I’m wondering if this is configuration is advisable? I wonder if having multiple nodes reading and writing the same NAS volume might create a bottleneck. I was under the impression that this sort of thing should be done with distributed object storage like S3 or HDFS. Doesn’t that defeat the point of distributed data, especially for reflections and acceleration?
@hmarchman-jones For dist storage, recommend using a data lake source like S3/Azure storage/GC/HDFS
You can use NAS but performance may be an issue
Thank you for the response.
What about local storage on the nodes?
@hmarchman-jones With version 21.x and above storing reflections on local is no longer supported
So would your professional recommendation be to use cloud object storage or a local Hadoop cluster ?
@hmarchman-jones Where is the data?
both the data lake and the Dremio data stores are on the same NAS volume.
Also, can you point me toward documentation re: storage configurations and what is supported?

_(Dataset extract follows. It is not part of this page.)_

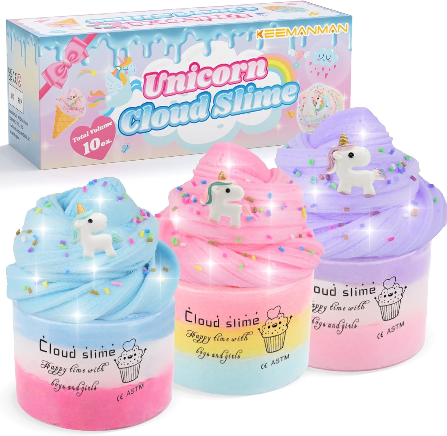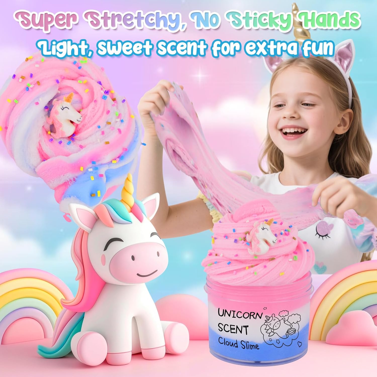 KIT MAGICO SLIME NUVOLA UNICORNO: Questo slime nuvola a tema unicorno presenta un incantevole design a tre strati che combina delicate tonalità di blu, bianco e rosa per un'esperienza visiva e tattile magica. Completo di un charm unicorno abbinato e sprinkles colorati, puoi stirarlo, girarlo e modellarlo creando la tua personale creazione magica unicorno—divertimento immaginativo senza fine ti aspetta! REGALI DI COMPLEANNO COOL PER BAMBINI E BAMBINE: Questo set di slime viene presentato in una deliziosa confezione regalo a tema unicorno, rendendolo il regalo perfetto per i bambini! Ideale per compleanni, festività o qualsiasi occasione speciale, il grazioso packaging aggiunge magia ed emozione, garantendo un regalo amato e memorabile. COSE CARINE & SLIME PER BAMBINI: Il nostro slime nuvola premium a tema unicorno è incredibilmente morbido, liscio e facilmente modellabile—perfetto per spremere, torcere, allungare e creare disegni fantasiosi! A differenza degli slime tradizionali, è meno appiccicoso, durevole e non si secca facilmente se conservato correttamente. Goditi un'esperienza pulita e senza disordine con una consistenza eccellente! SICURO E ADATTO AI BAMBINI: Realizzato con materiali di alta qualità, ipoallergenici e atossici, questo slime nuvola unicorno è delicato sulla pelle e non macchia. Completamente sicuro per bambini e adulti, garantisce un'esperienza di gioco divertente e priva di preoccupazioni. Tuttavia, i bambini devono sempre essere supervisionati durante il gioco. Non adatto ai bambini sotto i 3 anni e non deve essere ingerito. CONSIGLI DI MANUTENZIONE FACILI PER DIVERTIMENTO DURATURO: Se il tuo slime unicorno diventa rigido per il freddo o non è abbastanza elastico, aggiungi semplicemente un po' di lozione, gel igienizzante per mani o gel per capelli per ripristinare la sua morbidezza. Puoi anche metterlo nel microonde per alcuni secondi per una soluzione rapida! Per risultati migliori, conservalo nel barattolo incluso o in un contenitore ermetico per mantenerlo fresco e soffice. Se diventa troppo appiccicoso, aggiungi un pizzico di bicarbonato per ripristinare la consistenza ideale!
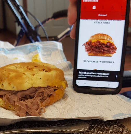 Look at the photo in my review. I ordered a Bacon Beef & Cheddar sandwich. Look at what it is purported to look like on the phone and then look at what I'm getting ready to eat. Where's all that delicious roast beef?? And most importantly, WHERE'S THE BACON????

@hmarchman-jones NAS is supported but needs to be performant, the file scheme for NAS is slightly different, please see documentation
@balaji.ramaswamy Thank you!
So it is correct for all nodes to be configured with dist pointing at the same absolute NAS path?
@hmarchman-jones Yes, it has to be the same on all executor nodes (the client side mapping)
What about for paths.local? Specifically, we are having issues with RocksDB operations resulting in filesystem corruption.
@hmarchman-jones Is your RocksDB on local or NAS? Can you send us your dremio.conf (minus passwords) pelase?